Segment Open

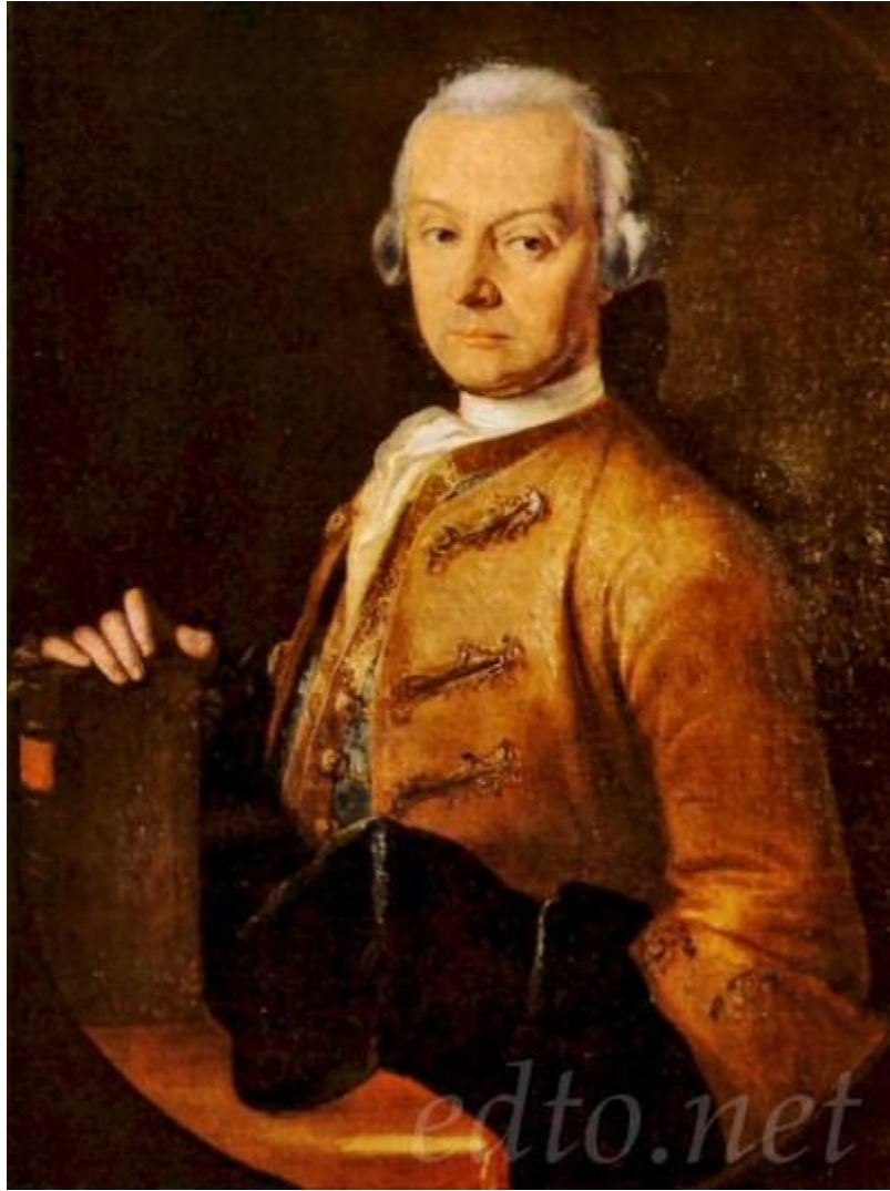
Baba Leopold Mozart
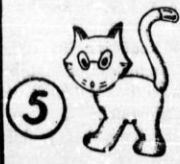
Maček Marko lisec stari deci Vaši veselje pravi.

NAŠA OBUTEV IZ USNJA IN GUME OHRANILA VAM BO ZDRAVLJE IN PRIHRANILA DENAR
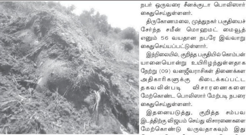
(அப்துல்ஹம் யாசிப்) திருகோணமலை, கம்பத்தூறு பகுதியில் வயல் உரிமையாளர் ஒருவர் தனது வயல் பகுதியை பாதுகாக்கும் நோக்கில் அமைக்கப்பட்டிருந்த மின்வேலியில் சிக்கலுக்கு உயிரிழந்த யானையை புதைத்த சம்பவத்துடன் தொடர்புடைய சந்தேக
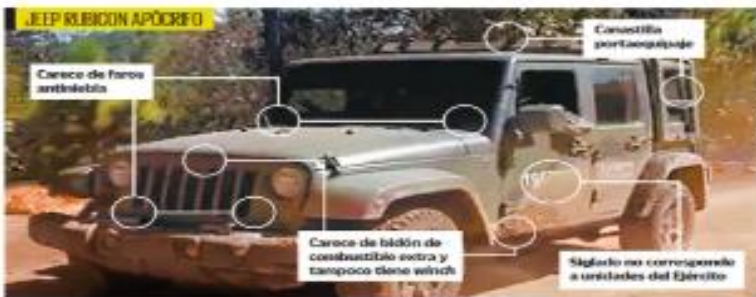
La autoridad militar señaló, a petición de este diario, las diferencias entre los vehículos de la Sedesra y los clones usados por Los Tlacos.
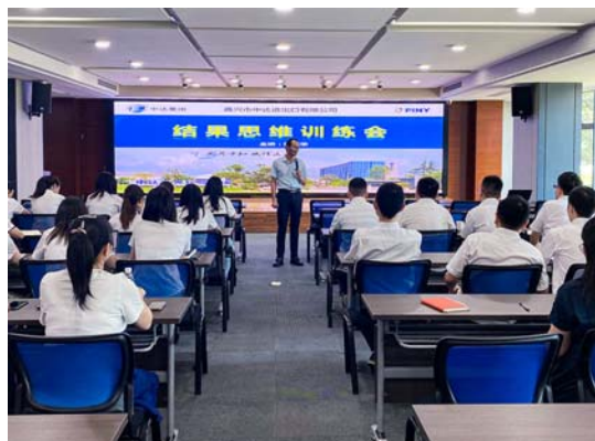
中达进出口企业文化培训

Segment Closed

▶ [WHAT YOU HAVE TO DO] Your task is to retype exactly, and only, the lines from the one that holds "NAŠA OBUTEV IZ" through the end of the listing, both end lines included, without any pictures.

▶ [EXPECTED ANSWER]
NAŠA OBUTEV IZ USNJA IN GUME OHRANILA VAM BO ZDRAVLJE IN PRIHRANILA DENAR
(அப்துல்ஹம் யாசிப்) திருகோணமலை, கம்பத்தூறு பகுதியில் வயல் உரிமையாளர் ஒருவர் தனது வயல் பகுதியை பாதுகாக்கும் நோக்கில் அமைக்கப்பட்டிருந்த மின்வேலியில் சிக்கலுக்கு உயிரிழந்த யானையை புதைத்த சம்பவத்துடன் தொடர்புடைய சந்தேக
La autoridad militar señaló, a petición de este diario, las diferencias entre los vehículos de la Sedesra y los clones usados por Los Tlacos.
中达进出口企业文化培训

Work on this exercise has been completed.